I'm trying to have a base option parser with some default parameters.

In other projects i would like to extend the option parser with other parameters.

Something like:

case class Config(foo: String = null)

trait DefaultParser { self: OptionParser[Config] =>
  opt[String]('f', "foo") action { (x, c) =>
    c.copy(foo = x)
  }
}

case class MyConfig(bar: String = "hello world")

trait MyParser { self: OptionParser[MyConfig] =>
  opt[String]('b', "bar") action { (x, c) =>
    c.copy(bar = x)
  }
}

I'm a newbie at Scala and I'm not sure how I can now use both of them on the same args .

I'm using Scala 2.10 with scopt_2.10 v3.3.0.

Answer 1

I've opened https://github.com/scopt/scopt/issues/132 .

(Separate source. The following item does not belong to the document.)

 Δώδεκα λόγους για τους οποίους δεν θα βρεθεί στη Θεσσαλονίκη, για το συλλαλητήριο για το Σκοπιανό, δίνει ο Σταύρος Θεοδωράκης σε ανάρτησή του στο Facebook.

So far the best of what I've been able to come up with is combining two parsers.

case class OutputOpts(
  val outputOption: Int = 1
)

trait OptsWithOutput {
  def output: OutputOpts
}

The parser for this lives in the parent class.

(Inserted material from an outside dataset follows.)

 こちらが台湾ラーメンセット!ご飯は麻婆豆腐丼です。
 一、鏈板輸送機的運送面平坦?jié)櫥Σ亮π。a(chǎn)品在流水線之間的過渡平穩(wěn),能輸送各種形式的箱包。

def parseOutputOpts(args: Array[String]): OutputOpts = {
  val parser = new scopt.OptionParser[OutputOpts]("scopt") {
    override def errorOnUnknownArgument = false

    opt[Int]("outputOption") action { (x, c) =>
      c.copy(outputOption = x)
    } text ("some output option")
  }

  parser.parse(args, OutputOpts())
    .getOrElse(throw new Exception("Error parsing output cli args"))
}

A child class now can use this:

case class ChildOpts(
  childThing: Int = 42,
  output: OutputOpts = OutputOpts()
) extends OptsWithOutput

And its parser combines the two.

val opts = ChildOpts(output = super.parseOutputOpts(args))

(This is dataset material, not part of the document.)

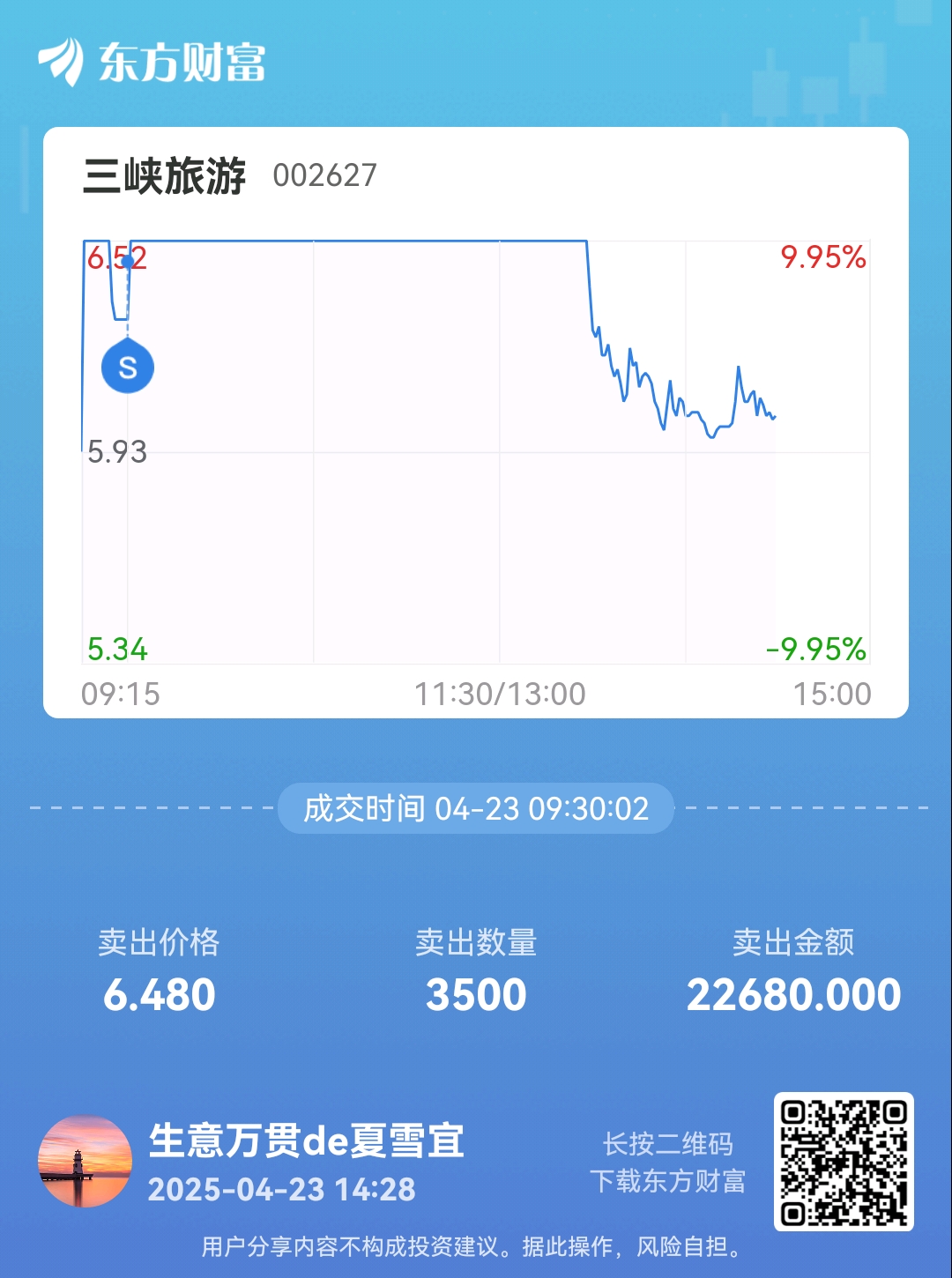 温馨提示: 1.根据《证券法》规定,禁止编造、传播虚假信息或者误导性信息,扰乱证券市场;2.用户在本社区发表的所有资料、言论等仅代表个人观点,与本网站立场无关,不对您构成任何投资建议。用户应基于自己的独立判断,自行决定证券投资并承担相应风险。《东方财富社区管理规定》

val parser = new scopt.OptionParser[ChildOpts]("scopt") {
  override def errorOnUnknownArgument = false

  opt[Int]("childThing") action { (x, c) =>
    c.copy(childThing = x)
  } text ("some child thing")
}

parser.parse(args, opts).getOrElse(throw new Exception("failed"))

Note how we have to set errorOnUnknownArgument to false , which is definitely not ideal and causes warnings.